=== Begin Enclosure ===

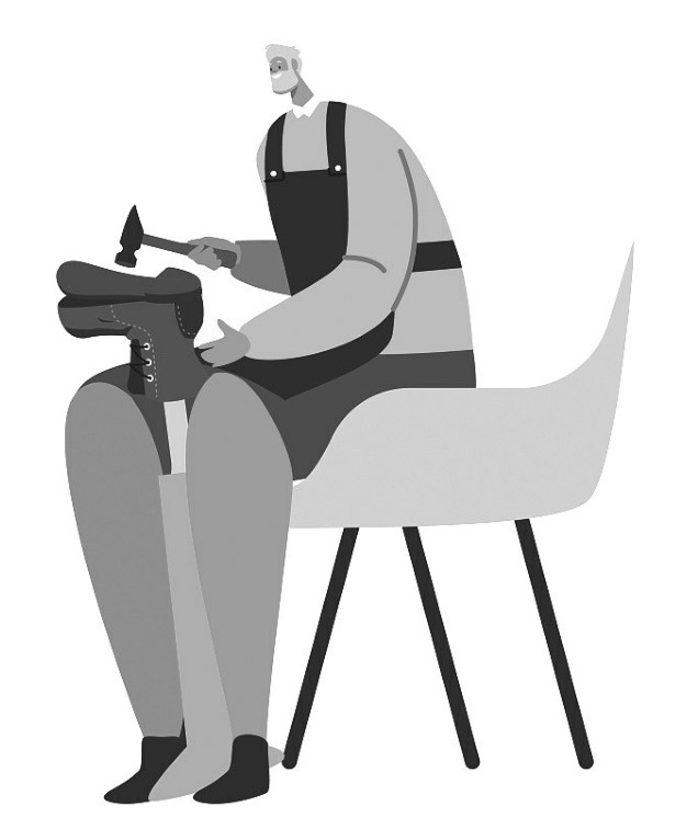 叔叔听得心软,正打算放下手中的活儿伸出手去,谁知另一位用更快的速度把那个女人的鞋子抢过来:“不就几个钉子嘛!我来给她敲,师傅你别停……”然后他打开工具箱,找出榔头,往那儿一蹲,像模像样地抡起榔头钉了起来。
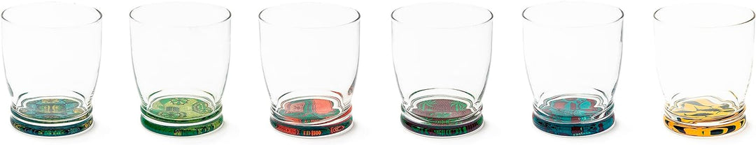 - Unser transparentes Set mit modernem Design verfügt über ein farbenfrohes und lebendiges Dekor auf der Unterseite, das für jedes Glas anders ist und jedem Schluck einen Hauch von Lebendigkeit und Stil verleiht.
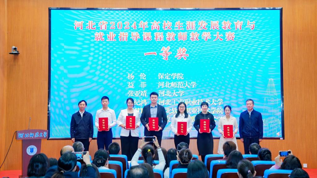 此次大赛由河北省教育厅主办,是我省规模最大、级别最高、影响范围最广的高校生涯发展教育与就业指导课程教学赛事。大赛自今年7月启动以来,经过校赛推荐、复赛评审,最终遴选出本科组11名、高职组10名选手参加全省总决赛。在决赛现场,我校教师杨伦展示的是“生涯人物访谈”,她以新颖的教学设计、良好的课堂互动获得了专家评委、观摩教师和参与学生的一致好评,最终以优异成绩荣获一等奖。
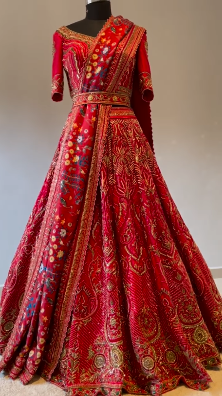 White embroidered Mirror Lehenga Beaded with hand embroidery on Chikankari Lakhnavi Lehenga
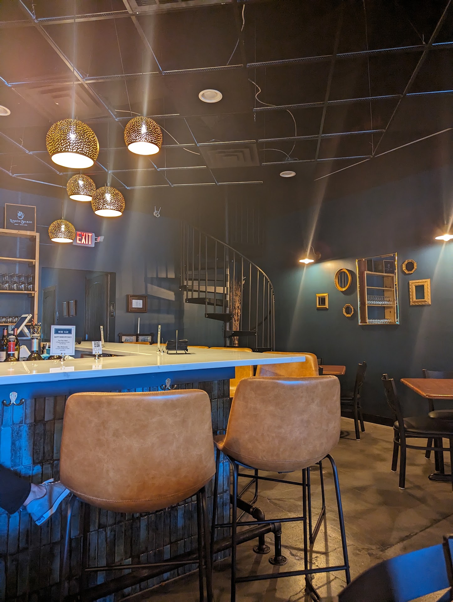 The space is perfect for a variety of occasions: a girls’ night out, a relaxing solo evening, or even a cozy date night. You can curl up on a couch with a book and a glass of wine, sit at the bar, or gather around a table with friends. I absolutely love the ambiance, with its dimmed lighting and tasteful decor—it feels warm, inviting, and chic.
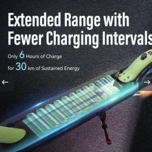 • Snažan motor i veliki domet: Opremljen 400 W bezčetkastim motorom i baterijom od 36 V 7,8 Ah, omogućuje vožnju do 30 km s maksimalnom brzinom do 20 km/h.

=== End Enclosure ===

**TASK OBJECTIVE:** The result should be a word-for-word restatement of all the data, without images.

**EXERCISE SOLUTION:**
 叔叔听得心软,正打算放下手中的活儿伸出手去,谁知另一位用更快的速度把那个女人的鞋子抢过来:“不就几个钉子嘛!我来给她敲,师傅你别停……”然后他打开工具箱,找出榔头,往那儿一蹲,像模像样地抡起榔头钉了起来。
 - Unser transparentes Set mit modernem Design verfügt über ein farbenfrohes und lebendiges Dekor auf der Unterseite, das für jedes Glas anders ist und jedem Schluck einen Hauch von Lebendigkeit und Stil verleiht.
 此次大赛由河北省教育厅主办,是我省规模最大、级别最高、影响范围最广的高校生涯发展教育与就业指导课程教学赛事。大赛自今年7月启动以来,经过校赛推荐、复赛评审,最终遴选出本科组11名、高职组10名选手参加全省总决赛。在决赛现场,我校教师杨伦展示的是“生涯人物访谈”,她以新颖的教学设计、良好的课堂互动获得了专家评委、观摩教师和参与学生的一致好评,最终以优异成绩荣获一等奖。
 White embroidered Mirror Lehenga Beaded with hand embroidery on Chikankari Lakhnavi Lehenga
 The space is perfect for a variety of occasions: a girls’ night out, a relaxing solo evening, or even a cozy date night. You can curl up on a couch with a book and a glass of wine, sit at the bar, or gather around a table with friends. I absolutely love the ambiance, with its dimmed lighting and tasteful decor—it feels warm, inviting, and chic.
 • Snažan motor i veliki domet: Opremljen 400 W bezčetkastim motorom i baterijom od 36 V 7,8 Ah, omogućuje vožnju do 30 km s maksimalnom brzinom do 20 km/h.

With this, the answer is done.